Start of Given data

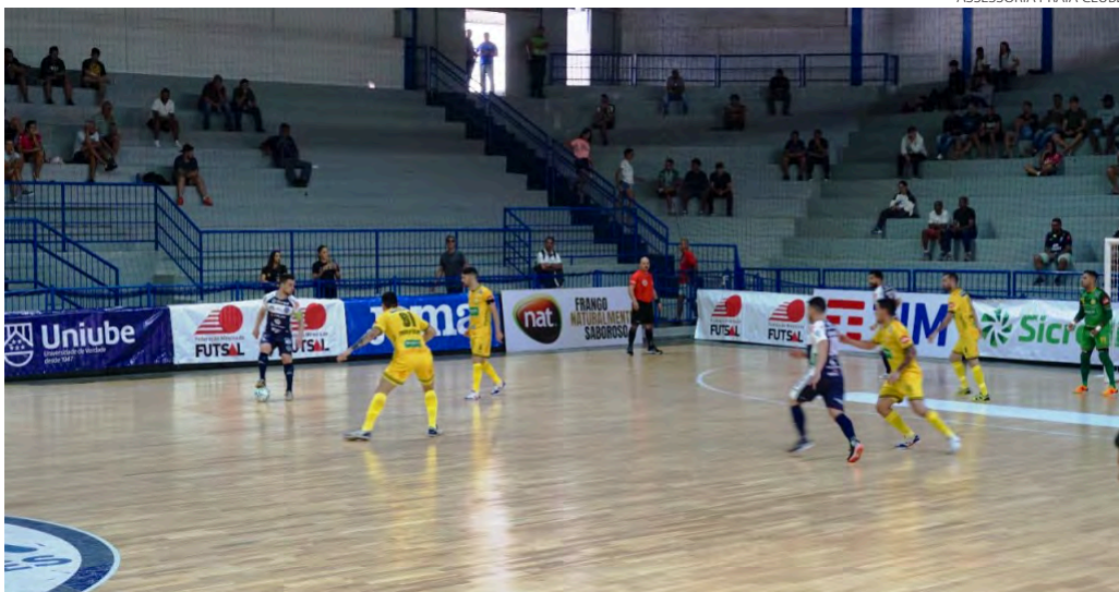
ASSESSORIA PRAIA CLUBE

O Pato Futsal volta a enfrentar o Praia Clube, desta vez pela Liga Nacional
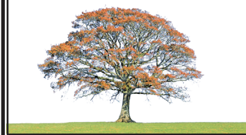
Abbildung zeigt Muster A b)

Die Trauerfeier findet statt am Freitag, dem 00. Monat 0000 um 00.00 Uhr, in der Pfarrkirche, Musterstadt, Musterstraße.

End of Given data
Start of Given data

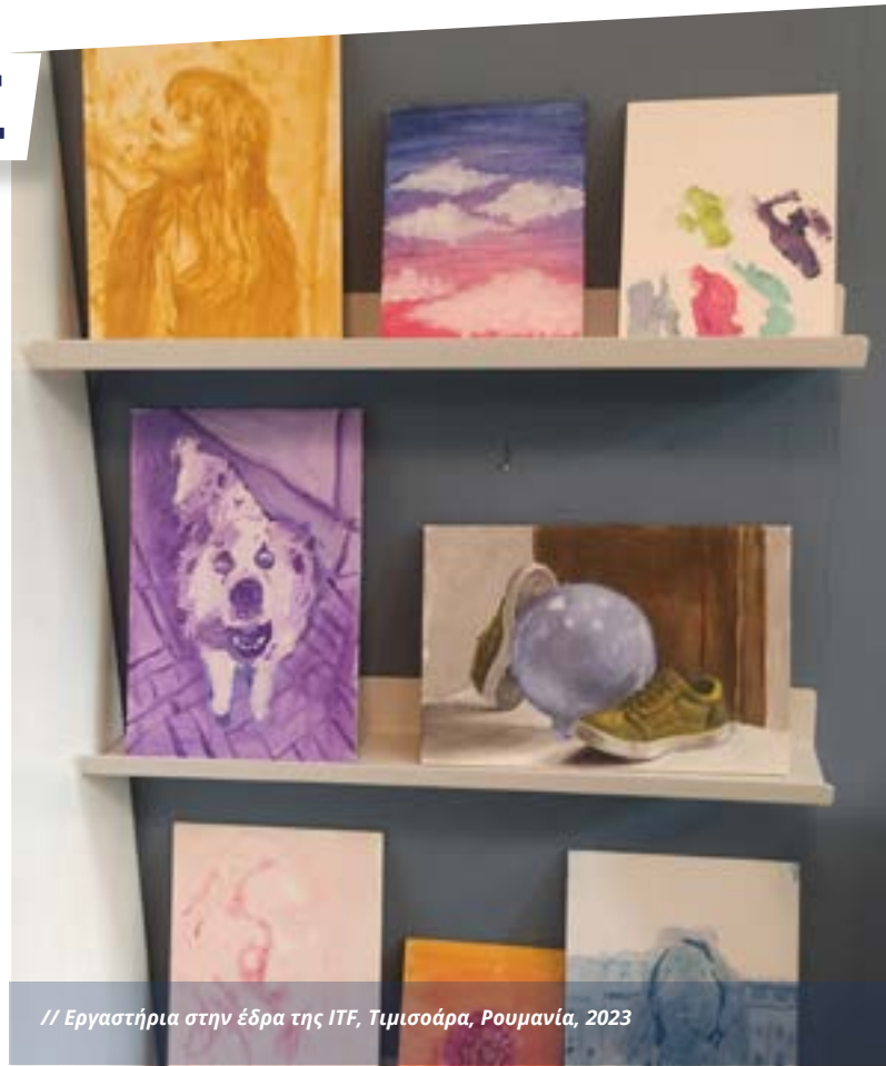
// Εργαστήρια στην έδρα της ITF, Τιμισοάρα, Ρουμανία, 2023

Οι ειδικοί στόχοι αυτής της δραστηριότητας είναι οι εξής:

End of Given data
Start of Given data

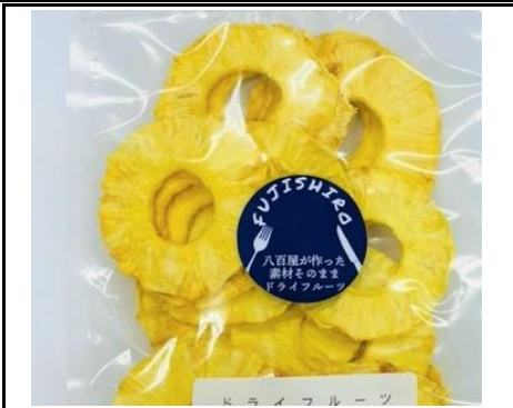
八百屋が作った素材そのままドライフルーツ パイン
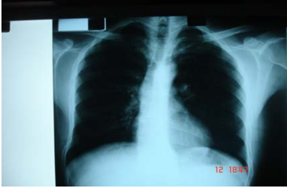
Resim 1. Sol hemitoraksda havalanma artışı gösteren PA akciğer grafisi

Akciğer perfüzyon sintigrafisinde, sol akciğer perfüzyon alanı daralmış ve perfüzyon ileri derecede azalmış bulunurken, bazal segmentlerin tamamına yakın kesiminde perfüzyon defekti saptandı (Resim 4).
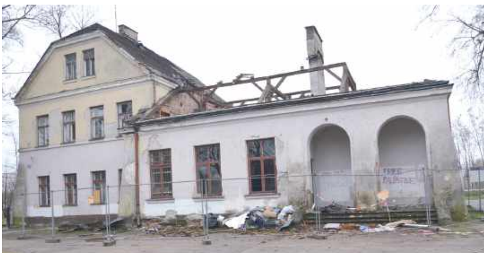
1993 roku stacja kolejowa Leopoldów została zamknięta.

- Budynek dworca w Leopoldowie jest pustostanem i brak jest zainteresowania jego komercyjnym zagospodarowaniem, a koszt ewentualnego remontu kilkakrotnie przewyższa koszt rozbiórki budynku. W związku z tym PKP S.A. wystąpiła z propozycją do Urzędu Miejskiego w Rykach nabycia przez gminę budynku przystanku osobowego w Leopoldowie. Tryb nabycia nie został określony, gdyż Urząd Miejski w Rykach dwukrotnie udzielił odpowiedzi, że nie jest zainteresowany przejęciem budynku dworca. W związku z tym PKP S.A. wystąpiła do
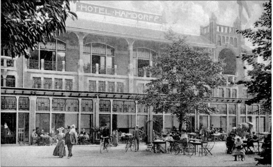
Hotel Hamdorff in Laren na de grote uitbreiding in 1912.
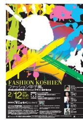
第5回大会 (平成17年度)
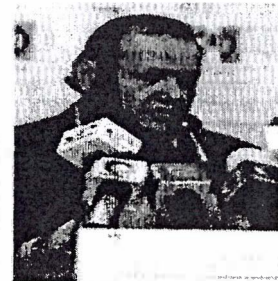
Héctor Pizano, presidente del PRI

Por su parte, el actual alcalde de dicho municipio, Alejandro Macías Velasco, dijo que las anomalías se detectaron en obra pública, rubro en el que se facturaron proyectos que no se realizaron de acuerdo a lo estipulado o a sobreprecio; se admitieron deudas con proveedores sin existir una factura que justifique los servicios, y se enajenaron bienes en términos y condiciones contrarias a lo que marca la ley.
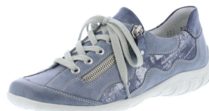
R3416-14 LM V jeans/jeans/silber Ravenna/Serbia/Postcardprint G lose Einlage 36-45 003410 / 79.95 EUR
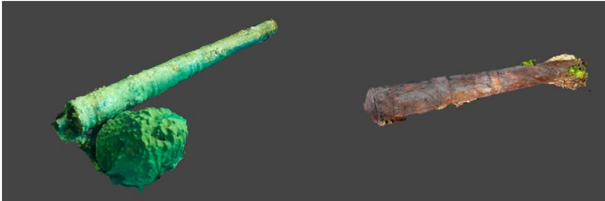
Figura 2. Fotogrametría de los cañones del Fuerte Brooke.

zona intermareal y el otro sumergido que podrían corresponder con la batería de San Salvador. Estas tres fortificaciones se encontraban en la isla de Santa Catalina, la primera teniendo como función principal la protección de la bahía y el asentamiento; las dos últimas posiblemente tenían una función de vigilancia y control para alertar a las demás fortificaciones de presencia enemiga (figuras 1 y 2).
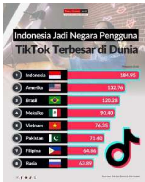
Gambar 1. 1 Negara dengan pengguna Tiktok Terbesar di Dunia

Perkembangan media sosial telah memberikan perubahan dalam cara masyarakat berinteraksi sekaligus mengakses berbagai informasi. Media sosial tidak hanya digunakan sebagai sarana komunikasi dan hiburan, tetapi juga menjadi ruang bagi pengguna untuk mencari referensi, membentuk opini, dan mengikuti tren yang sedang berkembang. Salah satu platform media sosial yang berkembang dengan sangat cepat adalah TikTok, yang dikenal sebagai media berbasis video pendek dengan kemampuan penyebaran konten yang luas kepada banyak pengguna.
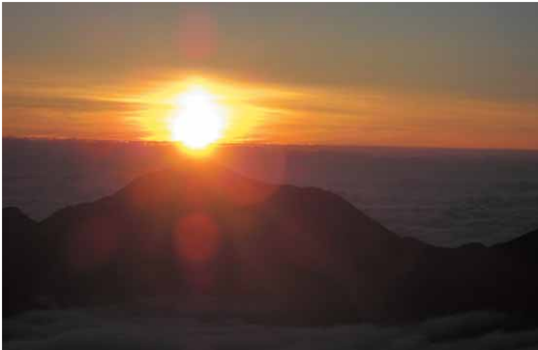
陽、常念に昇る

End of Given data

What the task asks :: Which lines of the data above contain the string "pengguna"? Copy each of them.

Final answer ::
Gambar 1. 1 Negara dengan pengguna Tiktok Terbesar di Dunia
Perkembangan media sosial telah memberikan perubahan dalam cara masyarakat berinteraksi sekaligus mengakses berbagai informasi. Media sosial tidak hanya digunakan sebagai sarana komunikasi dan hiburan, tetapi juga menjadi ruang bagi pengguna untuk mencari referensi, membentuk opini, dan mengikuti tren yang sedang berkembang. Salah satu platform media sosial yang berkembang dengan sangat cepat adalah TikTok, yang dikenal sebagai media berbasis video pendek dengan kemampuan penyebaran konten yang luas kepada banyak pengguna.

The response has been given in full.